[Opening DATA SHOWN section]
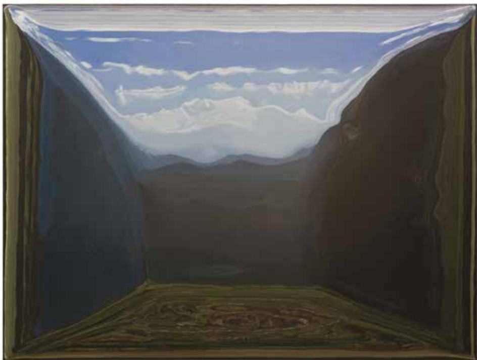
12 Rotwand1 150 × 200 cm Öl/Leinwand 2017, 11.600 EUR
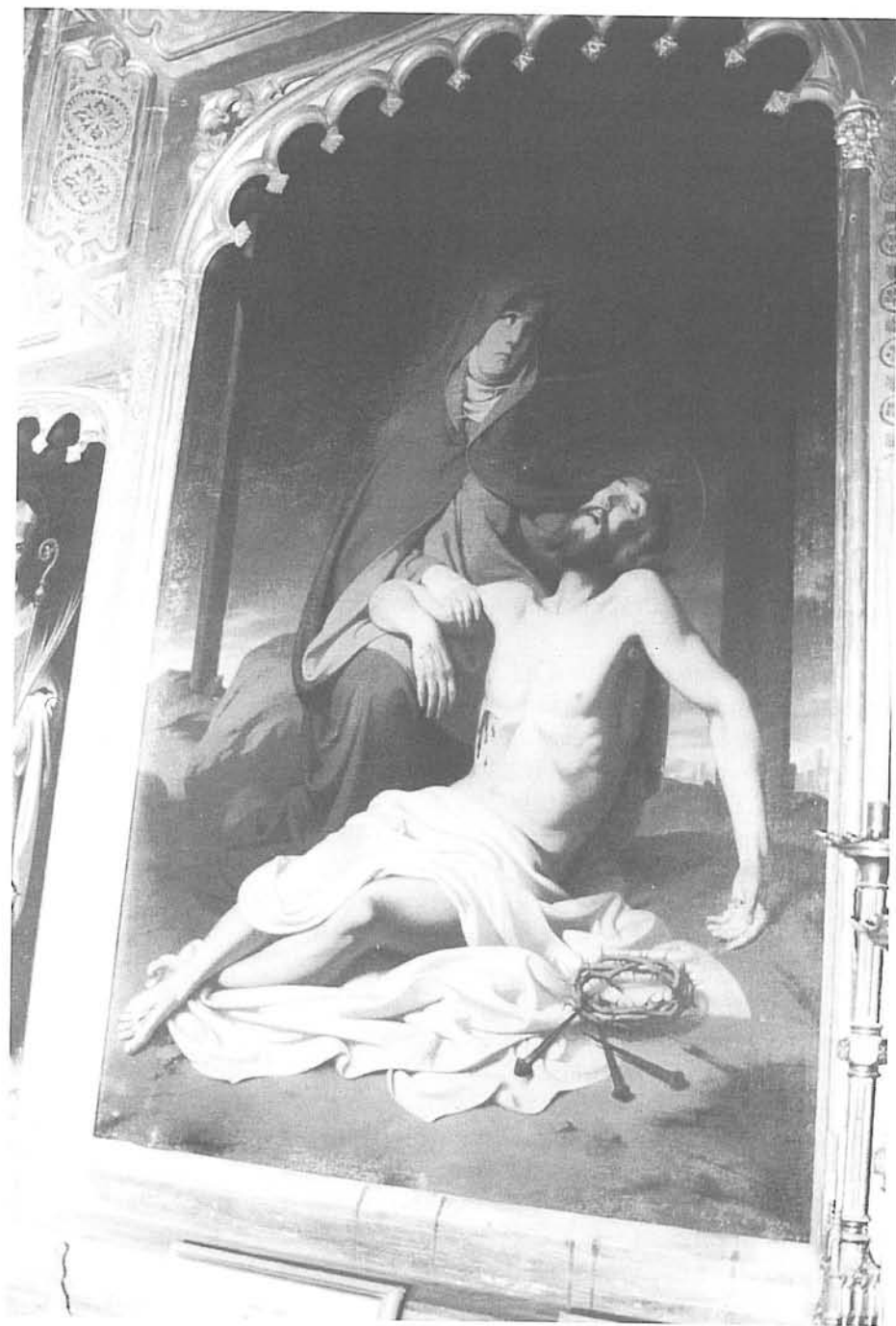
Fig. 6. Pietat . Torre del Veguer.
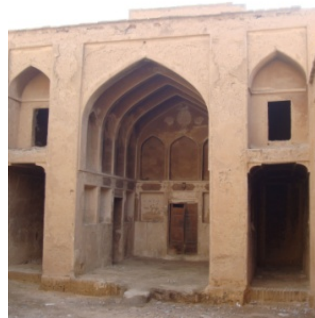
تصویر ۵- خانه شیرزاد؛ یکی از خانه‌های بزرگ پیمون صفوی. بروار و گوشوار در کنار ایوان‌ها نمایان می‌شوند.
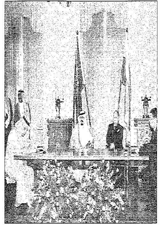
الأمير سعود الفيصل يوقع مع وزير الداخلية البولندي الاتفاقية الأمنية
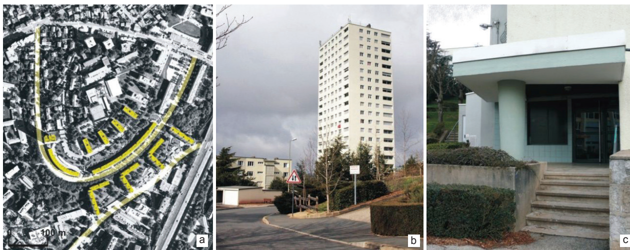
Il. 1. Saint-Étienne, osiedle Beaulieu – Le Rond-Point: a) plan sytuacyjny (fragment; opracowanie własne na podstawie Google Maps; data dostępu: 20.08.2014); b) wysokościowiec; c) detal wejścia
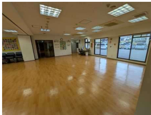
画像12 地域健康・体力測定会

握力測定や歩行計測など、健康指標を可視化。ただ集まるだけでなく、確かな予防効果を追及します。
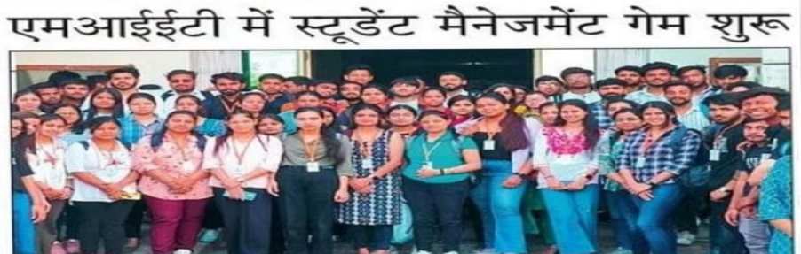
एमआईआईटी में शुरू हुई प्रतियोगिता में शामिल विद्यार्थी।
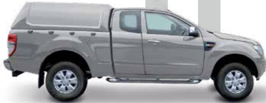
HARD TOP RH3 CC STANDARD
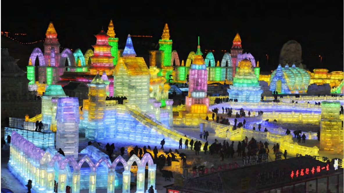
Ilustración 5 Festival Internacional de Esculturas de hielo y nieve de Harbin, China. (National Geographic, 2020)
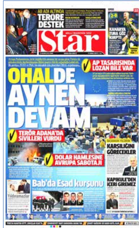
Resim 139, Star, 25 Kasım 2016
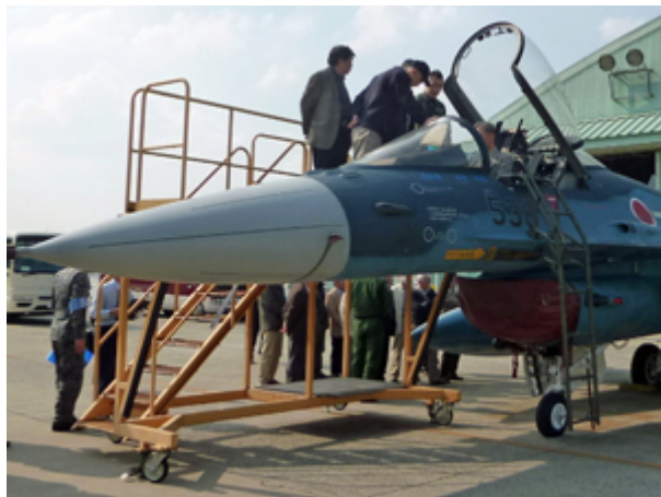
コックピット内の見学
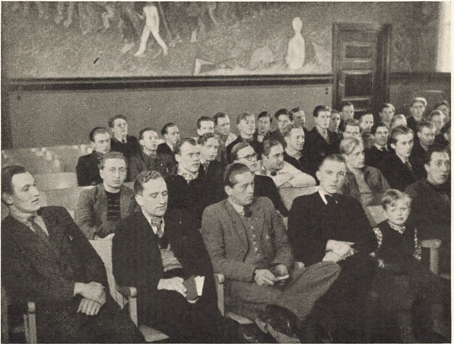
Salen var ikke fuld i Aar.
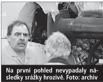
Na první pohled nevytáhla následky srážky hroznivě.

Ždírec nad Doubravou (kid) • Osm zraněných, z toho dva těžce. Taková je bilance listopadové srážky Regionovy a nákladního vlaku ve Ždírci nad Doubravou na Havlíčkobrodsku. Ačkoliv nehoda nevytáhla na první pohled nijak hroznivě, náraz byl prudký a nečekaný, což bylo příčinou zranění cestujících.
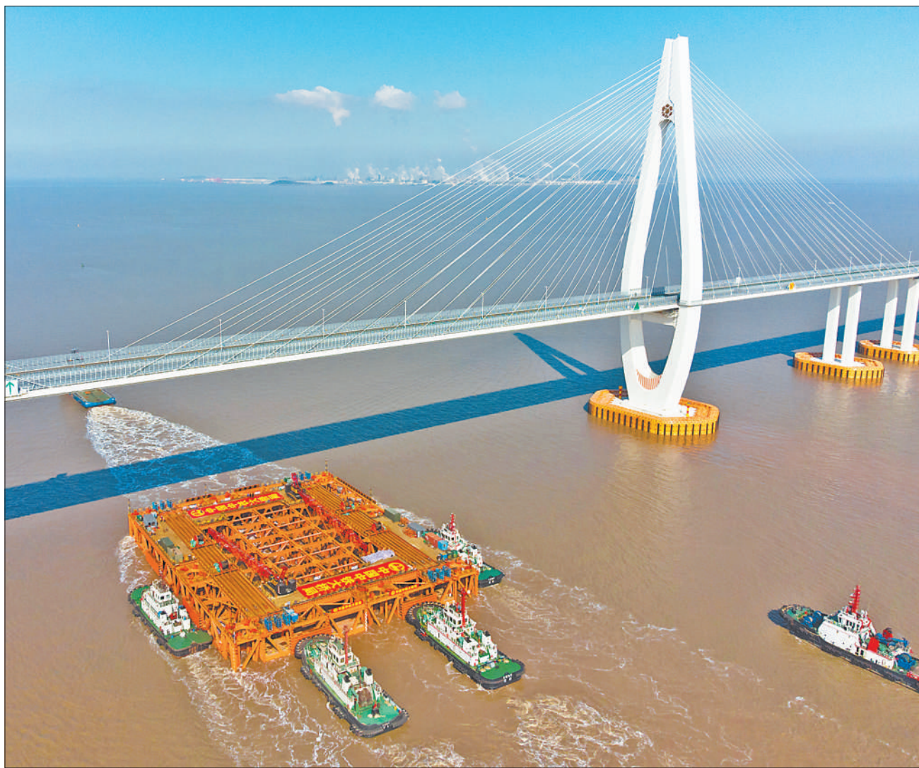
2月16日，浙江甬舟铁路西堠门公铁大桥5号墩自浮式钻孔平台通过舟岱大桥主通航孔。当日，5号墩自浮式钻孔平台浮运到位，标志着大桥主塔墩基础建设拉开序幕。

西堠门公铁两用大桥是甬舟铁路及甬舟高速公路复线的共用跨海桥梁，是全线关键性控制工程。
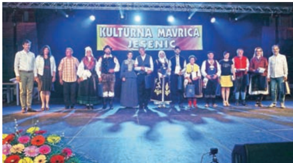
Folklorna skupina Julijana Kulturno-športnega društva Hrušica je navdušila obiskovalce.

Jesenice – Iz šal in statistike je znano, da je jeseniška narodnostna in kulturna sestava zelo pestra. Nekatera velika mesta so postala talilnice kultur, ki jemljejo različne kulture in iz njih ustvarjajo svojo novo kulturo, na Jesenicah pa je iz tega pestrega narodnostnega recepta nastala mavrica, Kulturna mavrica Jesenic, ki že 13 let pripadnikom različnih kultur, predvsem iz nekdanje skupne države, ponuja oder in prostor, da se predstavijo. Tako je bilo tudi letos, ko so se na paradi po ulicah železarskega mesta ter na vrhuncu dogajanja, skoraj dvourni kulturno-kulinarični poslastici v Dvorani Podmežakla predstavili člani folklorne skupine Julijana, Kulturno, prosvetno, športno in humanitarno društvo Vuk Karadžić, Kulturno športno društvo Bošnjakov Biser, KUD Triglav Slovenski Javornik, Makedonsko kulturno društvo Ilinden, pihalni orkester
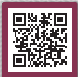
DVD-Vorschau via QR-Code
[Closing DATA SHOWN section]
[Opening DATA SHOWN section]
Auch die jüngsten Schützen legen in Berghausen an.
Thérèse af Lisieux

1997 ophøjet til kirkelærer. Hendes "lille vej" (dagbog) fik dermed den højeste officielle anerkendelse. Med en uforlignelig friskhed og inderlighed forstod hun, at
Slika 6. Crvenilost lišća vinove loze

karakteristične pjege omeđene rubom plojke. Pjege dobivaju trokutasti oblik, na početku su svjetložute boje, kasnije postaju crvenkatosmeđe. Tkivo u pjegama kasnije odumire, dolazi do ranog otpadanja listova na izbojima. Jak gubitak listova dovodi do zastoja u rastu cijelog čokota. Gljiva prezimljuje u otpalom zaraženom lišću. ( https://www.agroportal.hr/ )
[Closing DATA SHOWN section]
[Opening DATA SHOWN section]
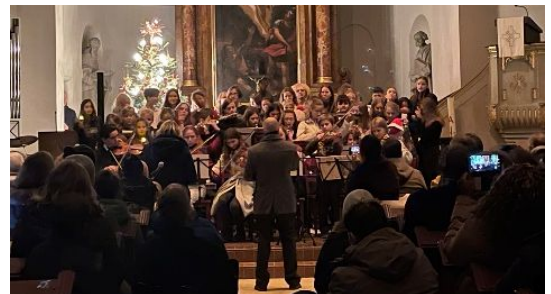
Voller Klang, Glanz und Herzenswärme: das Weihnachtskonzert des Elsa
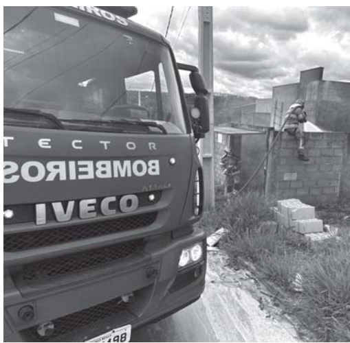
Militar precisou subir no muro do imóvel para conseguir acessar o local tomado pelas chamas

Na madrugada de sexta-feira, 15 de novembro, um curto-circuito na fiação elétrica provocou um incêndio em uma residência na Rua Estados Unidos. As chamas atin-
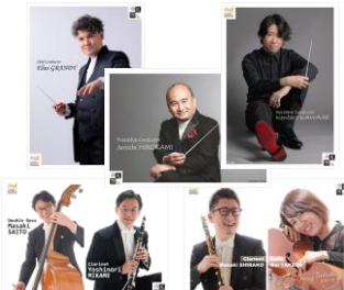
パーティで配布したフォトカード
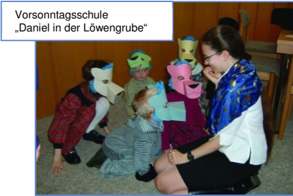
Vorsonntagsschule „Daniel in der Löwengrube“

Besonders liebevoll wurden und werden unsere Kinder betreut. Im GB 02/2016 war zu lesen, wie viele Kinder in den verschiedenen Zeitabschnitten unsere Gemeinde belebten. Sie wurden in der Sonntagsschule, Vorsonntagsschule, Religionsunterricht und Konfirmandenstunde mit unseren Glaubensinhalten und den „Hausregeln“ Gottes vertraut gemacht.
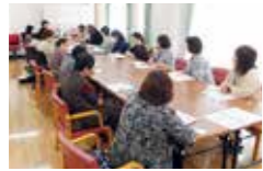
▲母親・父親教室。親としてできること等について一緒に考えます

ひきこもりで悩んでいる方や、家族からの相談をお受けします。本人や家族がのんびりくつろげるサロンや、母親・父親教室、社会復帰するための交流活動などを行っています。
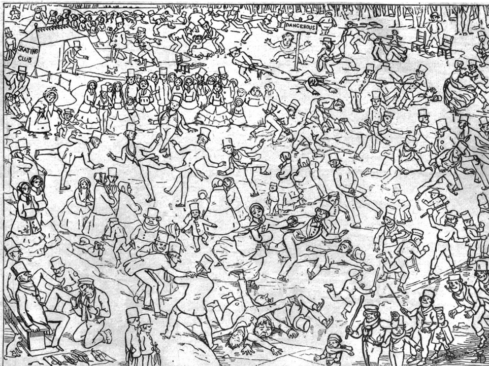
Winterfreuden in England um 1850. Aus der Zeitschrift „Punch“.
[Closing DATA SHOWN section]
> TASK INSTRUCTIONS: Take only the lines above from the one that has "12 Rotwand1 150" through the one that has "الأمير سعود الفيصل" and reproduce them exactly, omitting any pictures.

> COMPLETED EXERCISE:
12 Rotwand1 150 × 200 cm Öl/Leinwand 2017, 11.600 EUR
Fig. 6. Pietat . Torre del Veguer.
تصویر ۵- خانه شیرزاد؛ یکی از خانه‌های بزرگ پیمون صفوی. بروار و گوشوار در کنار ایوان‌ها نمایان می‌شوند.
الأمير سعود الفيصل يوقع مع وزير الداخلية البولندي الاتفاقية الأمنية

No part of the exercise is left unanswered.